◆ WORK TO BE COMPLETED: Reproduce the lines below exactly, from the one containing "Architektur von Friedensreich Hundertwasser." through the one containing "Imagen 3. UCH Almería", both included. Leave out any pictures.

::: RECORDS FOR THE TASK :::

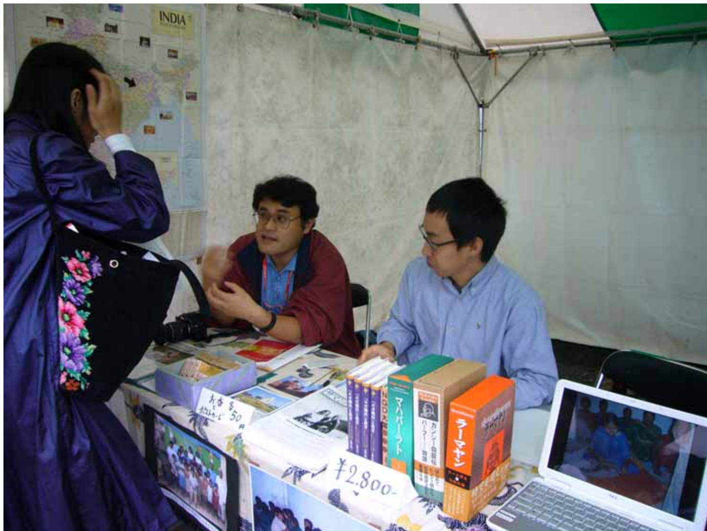
ナマステ・インドア 2007 の出展ブースにて (2007.9.29)

サマンバヤ通信 WEB 配信のお知らせ せ/SEED BANK 始動/インドで話 そう/ナマステ・インドア特 集・イベント参加レポート1/舌 で感じるインド/インドにおける JICA 事業の貧困対策について/ 2007 年下期送金を完了しました
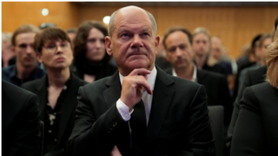
Avanço da direita ameaça fragilizar ainda mais a coalizão de centro-esquerda na Alemanha

Além da AfD, outro destaque foi o recém-criado partido BSW, de esquerda radical e anti-imigração, que obteve mais de 10% em ambos os estados. A fragmentação do cenário político deve dificultar a formação de governos estáveis nas duas regiões.
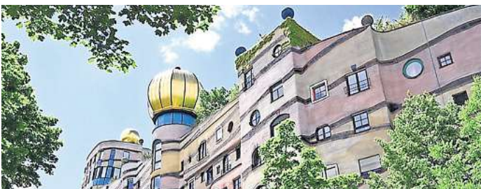
Architektur von Friedensreich Hundertwasser.

Architektur. Der Künstler und Aktivist gestaltete Plakate zu Ökologie-Themen, die in hohen Auflagen gedruckt und deren Verkaufserlöse an Umweltorganisationen gespendet wurden. Er pflanzte über 100.000 Bäume, legte Teiche und Wasser-Kläranlagen an, nutzte Sonnen- und Wasser-Energie und verwendete die Humus-Toilette an allen seinen Wohnorten. Die Ausstellung zeigt auf rund 20 großformatige Texttafeln gut ein Dutzend Bauvorhaben Hundertwassers, von denen sich einige zu wahren Publikumsmagneten entwickelt haben. Darüber hinaus werden seit
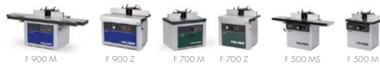
F 900 M F 900 Z F 700 M F 700 Z F 500 MS F 500 M
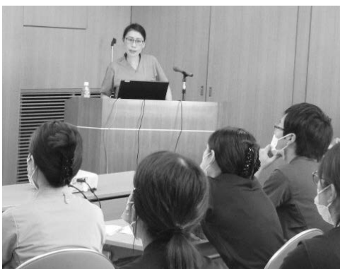
田坂副主任看護師による院内研修の様子

今回のインタビューでは、救急看護認定看護師は救急外来だけでなく、様々な場面で活躍していることが分かりました。
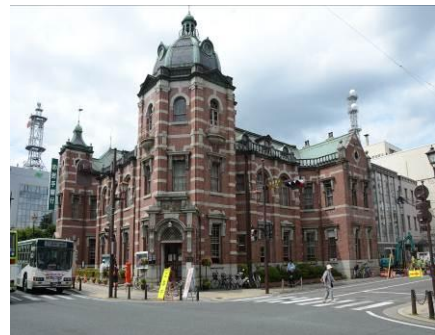
旧盛岡銀行本店 （前岩手銀行中ノ橋支店）
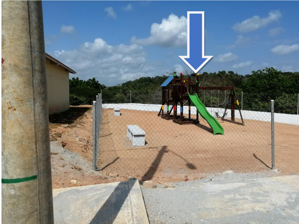
AREA SOCIAL CASAS TERMINAS Y ENGRAMADAS
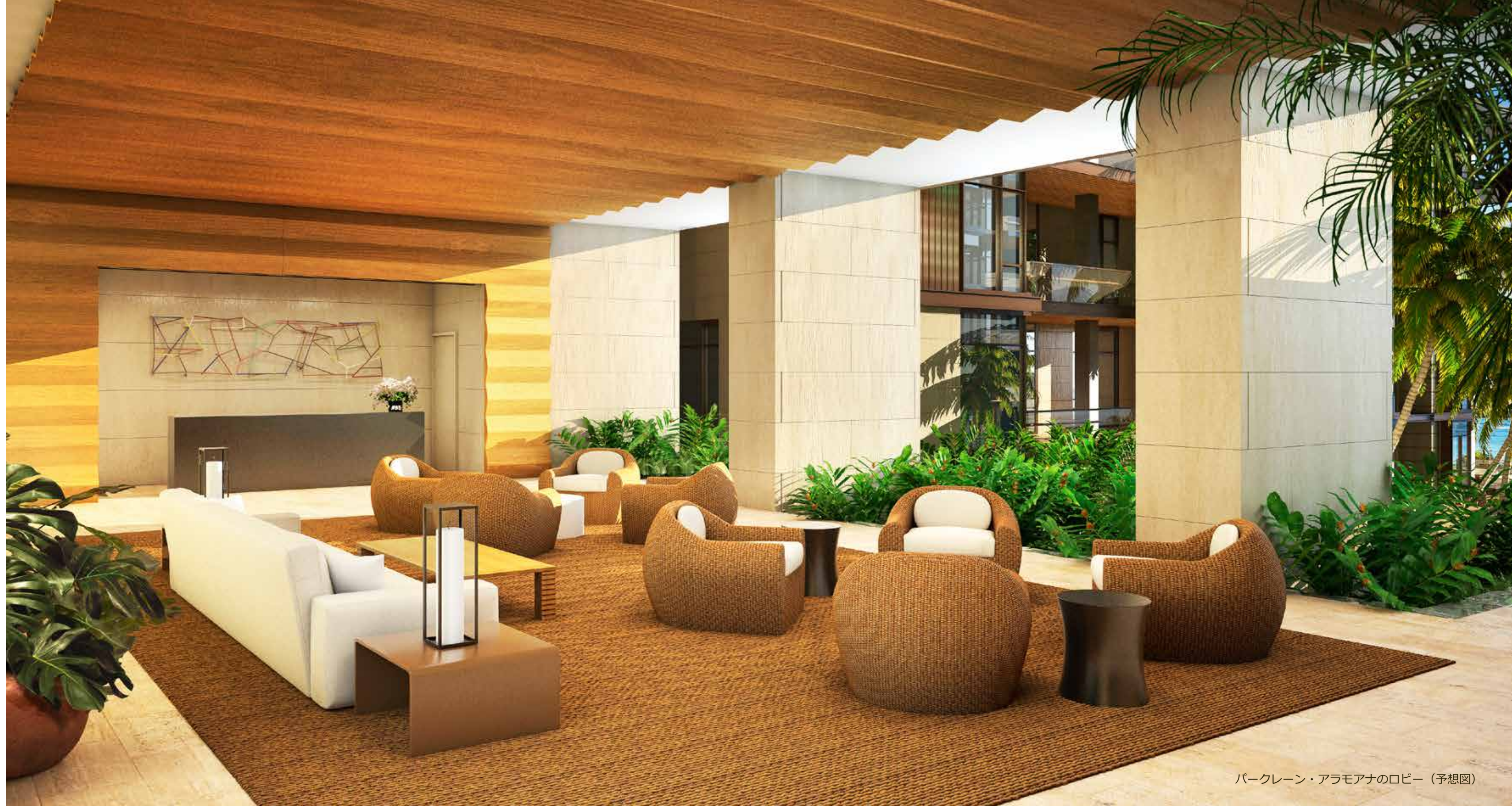
パークレーン・アラモアナのロビー（予想図）
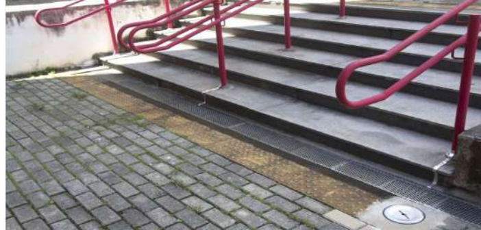
Instalação de SPDA
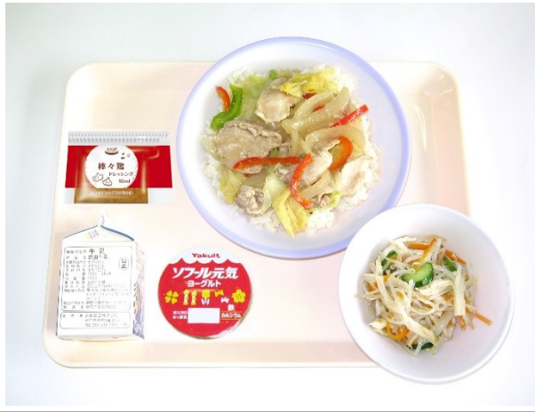
9月19日(火) ねぎ塩豚丼・棒々鶏風サラダ・ヨーグルト
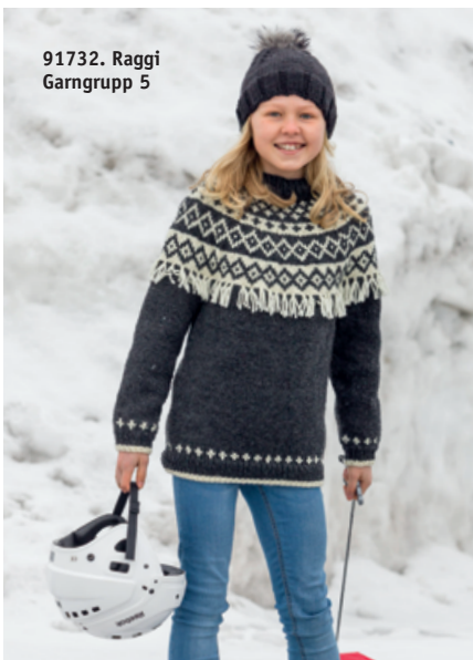
91732. Raggi Garngrupp 5
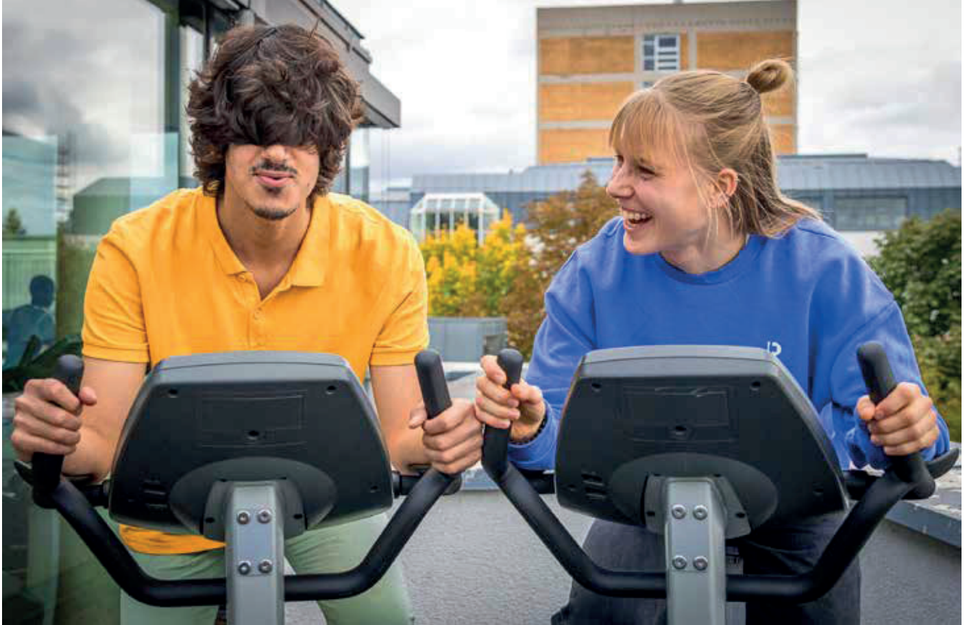
Im Fitnessstudio der THM sollen Menschen mit und ohne Beeinträchtigung gleichermaßen Freude am Sport haben.
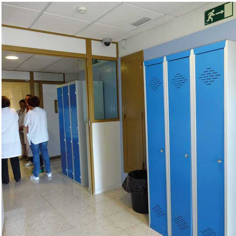
Imagen 3. UCH Almería

En la entrada aparece un pasillo a la derecha que lleva hasta una pequeña habitación que sirve para las esperas de las visitas de los pacientes. Dispone de varios asientos y está controlado por el campo de visión de una cámara de seguridad interior, conectada con la cabina de control policial.
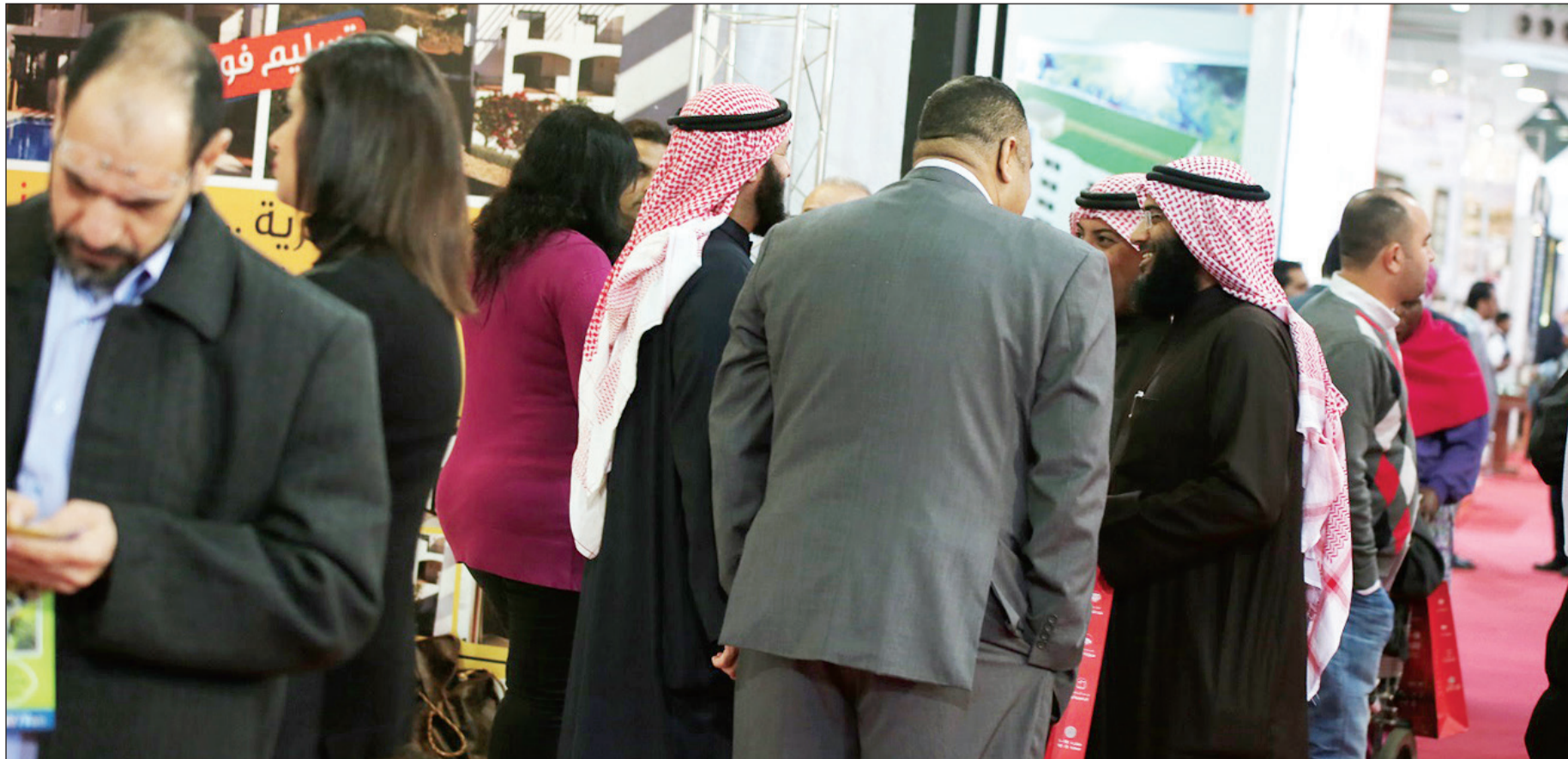
جانب من معارض النخبة العقارية السابقة
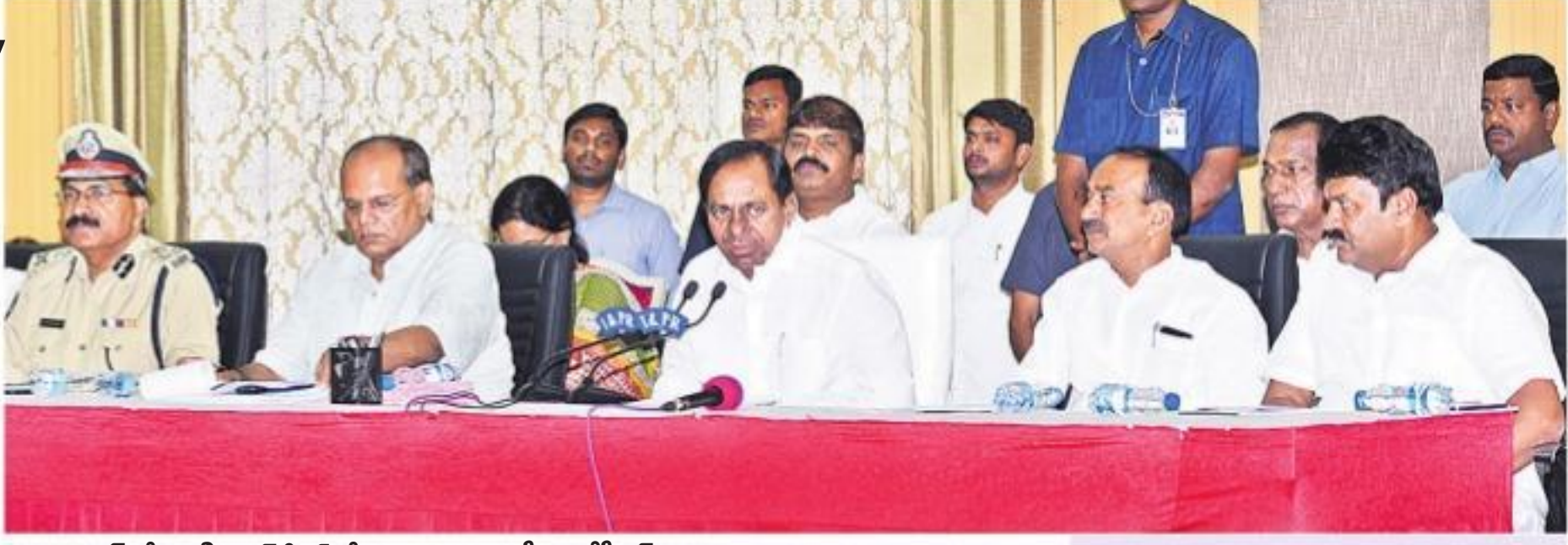
ప్రగతిభవన్లో జరిగిన ప్రెస్ మీట్లో మాట్లాడుతున్న సీఎం కేసీఆర్, పక్కన మంత్రులు ఈటల, తలసాని

హైదరాబాద్, వెలుగు: కరోనా వైరస్ వ్యాప్తిని అడ్డుకునేందుకు ఈ నెల 31 వరకు రాష్ట్రం లాక్డౌన్లో ఉంటుందని సీఎం కేసీఆర్ ప్రకటించారు. అప్పటివరకు ఎవరైనా సర్వీసులు తప్ప అన్నిటిని బంద్ చేస్తున్నామన్నారు.

:::

◆ TASK OUTPUT:
Architektur von Friedensreich Hundertwasser.

Architektur. Der Künstler und Aktivist gestaltete Plakate zu Ökologie-Themen, die in hohen Auflagen gedruckt und deren Verkaufserlöse an Umweltorganisationen gespendet wurden. Er pflanzte über 100.000 Bäume, legte Teiche und Wasser-Kläranlagen an, nutzte Sonnen- und Wasser-Energie und verwendete die Humus-Toilette an allen seinen Wohnorten. Die Ausstellung zeigt auf rund 20 großformatige Texttafeln gut ein Dutzend Bauvorhaben Hundertwassers, von denen sich einige zu wahren Publikumsmagneten entwickelt haben. Darüber hinaus werden seit
F 900 M F 900 Z F 700 M F 700 Z F 500 MS F 500 M
田坂副主任看護師による院内研修の様子

今回のインタビューでは、救急看護認定看護師は救急外来だけでなく、様々な場面で活躍していることが分かりました。
旧盛岡銀行本店 （前岩手銀行中ノ橋支店）
AREA SOCIAL CASAS TERMINAS Y ENGRAMADAS
パークレーン・アラモアナのロビー（予想図）
Instalação de SPDA
9月19日(火) ねぎ塩豚丼・棒々鶏風サラダ・ヨーグルト
91732. Raggi Garngrupp 5
Im Fitnessstudio der THM sollen Menschen mit und ohne Beeinträchtigung gleichermaßen Freude am Sport haben.
Imagen 3. UCH Almería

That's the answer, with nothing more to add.